Remember those times when we were inseparable? When we were so close ? Well, I still do. I still remember all the laughs . All the epic , crazy and retarded things we've done. All the gossip we've said , all the jokes we've laughed at, all the simple things that you probably forgot. Remember when the times when it was still perfect? Those moments were priceless, precious and perfect. Remember the day we first met? I was the one who stood up and said , 'hi my name is gem, what's yours?' Then after we got to know each other , we laughed at the way I was so hyper. Cos yknow why? I thought I've found my real friends . I thought so. But well, I thought wrong.

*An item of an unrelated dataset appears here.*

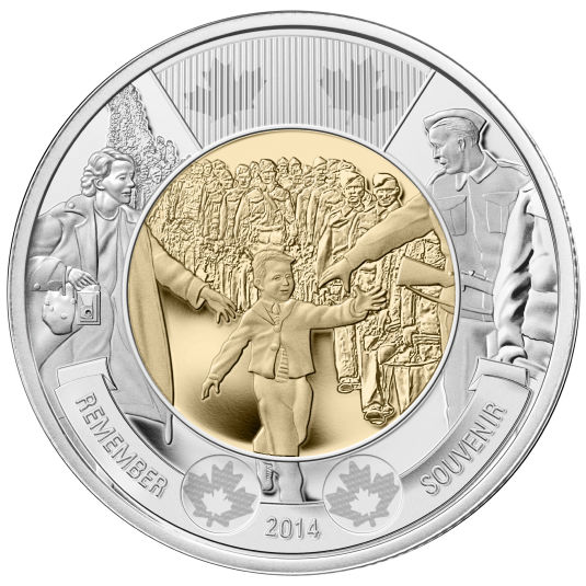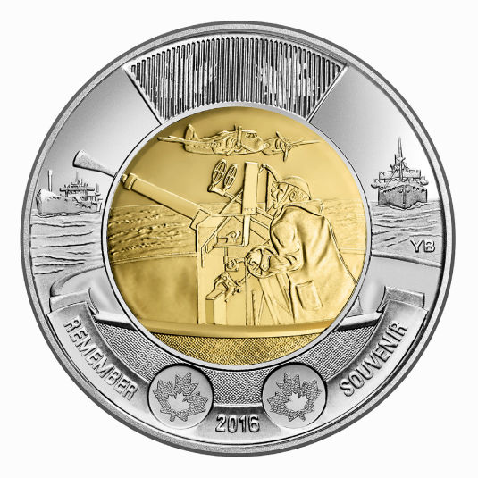 Released in 2016, this 2 dollar coin commemorates the efforts of the Royal Canadian Navy, the Merchant Marine and the RCAF in transporting
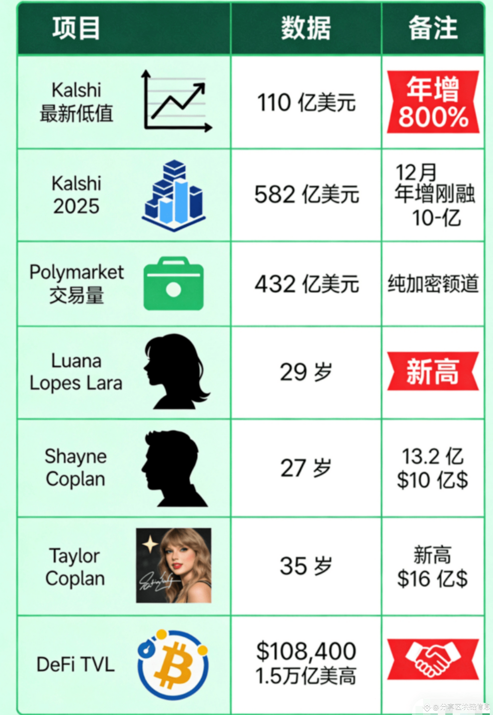 这些“新贵”多源于预测+加密交叉:Polymarket交易量翻3倍,Kalshi扩展至140国。行情信号+1:比特币破10万美元,DeFi TVL超1万亿,预测市场或成下一个万亿赛道。

*put your thumb and index finger together* we used to be this close. Now , you are slowly slipping away from me that I'm scared one day , I cant even reach you , I can't even find you or much worse , I won't even know you anymore . I'm scared the friendship I worked so hard to forget might just fade away in a blink of an eye. I can't even read what's going through your mind anymore. You don't know how hard it is knowing that the home you protected , treasured and cherished so much would just one day crumble to pieces . You don't know how hard seeing the face you used to remember is slowly changing to a person I don't know . You don't know Joe hard it is to see everything you thought would stay forever slowly slipping through your fingers like water slipping through your hands. I guess you will never know . I guess things will have to change . I guess not everytime , things will be perfect . One time or another , things will have to change. I'm sorry , I'm ignoring you. I just want you to know how much it hurts when you ignore me.
I seriously wished you hadn't met them . They are one of the reasons why you changed right ? Since when did we lose out to them , since when did they replace us ? When they came to your life , you forget us already ? Since when did they mean more to you than us ? Since when ? Ever since you started hwnging out with them , it's like , they knew more things than us , we wouldn't know your life , we wouldn't be updated but whereas they go the up-to-the-minute updates . You will leave us in one corner while you and them will laugh veryvery loudly. Them us ? We would feel extra . Do you know how much that is hurting us ? Or do you not care bout our feelings anymore ? I want the old us back . But it seems impossible with them especially her hanging out with you a lot .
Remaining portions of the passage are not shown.